0

I'm new to regex library, and I'm trying to make from a text like this

"""constructor SquareGame new(){
let square=square;
}"""

This outputs a list:

['constructor', 'SquareGame', 'new', '(', ')', '{', '\n', 'let', 'square', '=',  'square', ';', '}']

I need to create a list of tokens separated by white spaces, new lines and this symbols {}()[].;,+-*/&|<>=~.

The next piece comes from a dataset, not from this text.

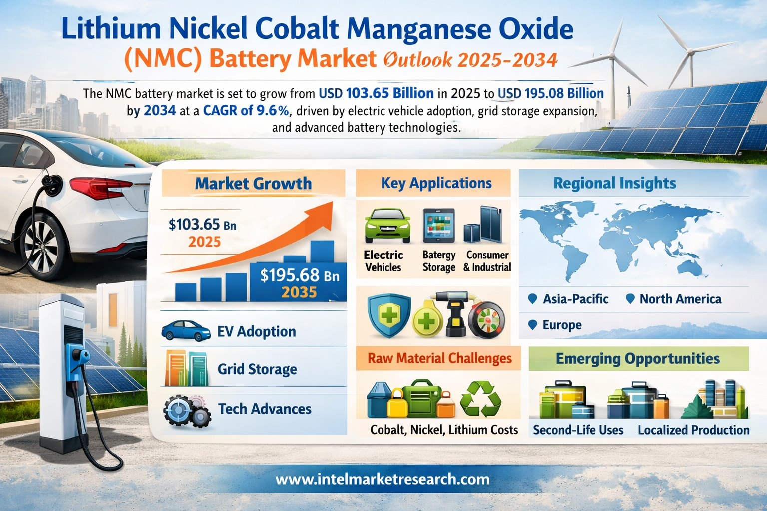 According to a new report from Intel Market Research, the global Lithium Nickel Cobalt Manganese Oxide (NMC) Battery market was valued at USD 103.65 billion in 2025 and is projected to reach USD 195.08 billion by 2034, growing at a CAGR of 9.6% during the forecast period (2026-2034). This growth is fueled by accelerating electric vehicle adoption, renewable energy storage demands, and technological advancements in battery chemistry.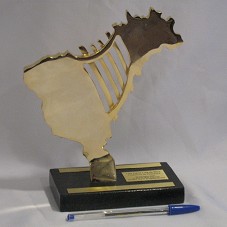 ESCULTURA (19,5 CM) CONFECCIONADA EM METAL DOURADO, REPRESENTANDO O MAPA DO BRASIL, COM UM TRILHO FERROVIÁRIO CORTANDO-O AO CENTRO. FIXADA EM BASE DE MÁRMORE PRETO (2X14X8 CM), ONDE HÁ PLACA COM A GRAVAÇÃO 'LUIZ INÁCIO LULA DA SILVA / PRESIDENTE DA REPÚBLICA / HOMENAGEM ANTF / IV BRASIL NOS TRILHOS / BRASÍLIA, 10 E 11 DE AGOSTO DE 2010'.

I used re.findall('[,;.()={}]+|\S+|\n', text) but seems to separate tokens by withe spaces and new lines only.

Wiktor Stribiżew
  • 607,720
  • 39
  • 448
  • 563
TheSaxo
  • 17
  • 5

2 Answers2

2

You may use

re.findall(r'\w+|[^\w \t]', text)

To avoid matching any Unicode horizontal whitespace use

re.findall(r'\w+|[^\w \t\u00A0\u1680\u2000-\u200A\u202F\u205F\u3000]', text)

See the regex demo. Details:

  • \w+ - 1 or more word chars
  • | - or
  • [^\w \t] - a single non-word char that is not a space and a tab char (so, all vertical whitespace is matched).

You may add more horizontal whitespace chars to exclude into the [^\w \t] character class, see their list at Match whitespace but not newlines. The regex will look like \w+|[^\w \t\u00A0\u1680\u2000-\u200A\u202F\u205F\u3000].

See the Python demo:

import re
pattern = r"\w+|[^\w \t]"
text = "constructor SquareGame new(){\nlet square=square;\n}"
print ( re.findall(pattern, text) )
# => ['constructor', 'SquareGame', 'new', '(', ')', '{', '\n', 'let', 'square', '=', 'square', ';', '\n', '}']
Wiktor Stribiżew
  • 607,720
  • 39
  • 448
  • 563
0

This regex will only match based on the characters that you indicated and I think this is a safer method.

>>> re.findall(r"\w+|[{}()\[\].;,+\-*/&|<>=~\n]", text)
['constructor', 'SquareGame', 'new', '(', ')', '{', '\n', 'let', 'square', '=', 'square', ';', '\n', '}'
Ronie Martinez
  • 1,254
  • 1
  • 10
  • 14